An end-to-end retail analytics platform combining ML models, intelligent agents, and an interactive dashboard to give supermarket managers actionable insights on customers, inventory, profit, and product recommendations.
- Overview
- Architecture
- Project Structure
- Models
- Agents
- Dashboard
- Installation
- Usage
- Data Flow
- Configuration
- Dependencies
Supermarket AI is built around three core pillars: https://automart-ai-q53a5utpzascgl8rpolcmw.streamlit.app/
| Pillar | Description |
|---|---|
| ML Models | Train on historical sales data to find patterns, customer segments, and sales forecasts |
| Intelligent Agents | Wrap models with business logic to produce human-readable, actionable insights |
| Interactive Dashboard | A Streamlit web app that presents all outputs visually for non-technical managers |
| Layer | Technology | Purpose |
|---|---|---|
| Data | pandas, CSV files |
Load, clean, and engineer features |
| ML Models | scikit-learn, mlxtend, PyTorch |
Clustering, association rules, forecasting |
| Agents | Python + LangChain (optional) | Business logic + AI insights |
| Dashboard | Streamlit | Interactive web UI |
| AI Insights | LangChain + Google Gemini | LLM-powered marketing suggestions |
CSV Files
supermarket_dummy_data.csv ──→ utils/preprocessing.py ──→ Enriched DataFrame
transaction_dataset.csv ──→ models/apriori_model.py ──→ Association Rules
Enriched DataFrame
├──→ models/kmeans_model.py ──→ Customer Clusters
│ └──→ agents/customer_agent.py ──→ High/Low Value + Insights
│
├──→ models/lstm_pytorch.py ──→ Next-Day Sales Prediction
│
├──→ agents/inventory_agent.py ──→ Demand / Stock / Festival Insights
│
└──→ agents/profit_agent.py ──→ Profit / Loss Analysis
Association Rules
└──→ agents/recommendation_agent.py ──→ Product Bundle Suggestions
All Agent Outputs
├──→ app/dashboard.py (Streamlit UI)
└──→ main.py (CLI output)
supermarket-ai/
│
├── data/
│ ├── supermarket_dummy_data.csv # Main sales dataset
│ └── transaction_dataset.csv # Transaction records for basket analysis
│
├── utils/
│ └── preprocessing.py # Data loading & feature engineering pipeline
│
├── models/
│ ├── kmeans_model.py # Customer segmentation (K-Means)

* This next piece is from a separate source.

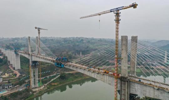 新華社成都3月19日電(記者謝佼)重慶至昆明高速鐵路(簡稱“渝昆高鐵”)控制性工程——瀘州沱江特大橋,3月18日主跨合龍。該橋地處長江上游主要支流珍稀魚類生態(tài)區(qū),為保護(hù)長江上游珍稀魚類,該橋采用雙柱式V型橋塔、空間扇形索面斜拉索的創(chuàng)新設(shè)計,實現(xiàn)河道內(nèi)無橋墩、主跨一跨過沱江。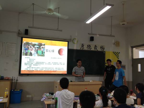 班会以运动会为主线,以项目为模块,为同学们形象生动地介绍了各大项目的特点、注意事项以及训练方法。有体育特长的同学们的经验传授无疑也是这次班会的精彩一笔,使同学们增长了见识,学习了知识,也使同学们回想起一年前运动会时他们的拼搏。这次班会也为运动员们的比赛训练提供了宝贵的建议,是运动员争夺名次的理论基础。

│ ├── apriori_model.py # Product recommendations (Apriori)
│ └── lstm_pytorch.py # Sales forecasting (LSTM)
│
├── agents/
│ ├── customer_agent.py # Customer value segmentation + insights
│ ├── inventory_agent.py # Demand, stock, and festival tracking
│ ├── profit_agent.py # Product and store-level profit analysis
│ └── recommendation_agent.py # Cross-sell and bundling opportunities
│
├── app/
│ └── dashboard.py # Streamlit web dashboard
│
├── main.py # CLI entry point
└── requirements.txt # Python dependencies
Groups customers into Low / Medium / High Value segments based on purchase behaviour.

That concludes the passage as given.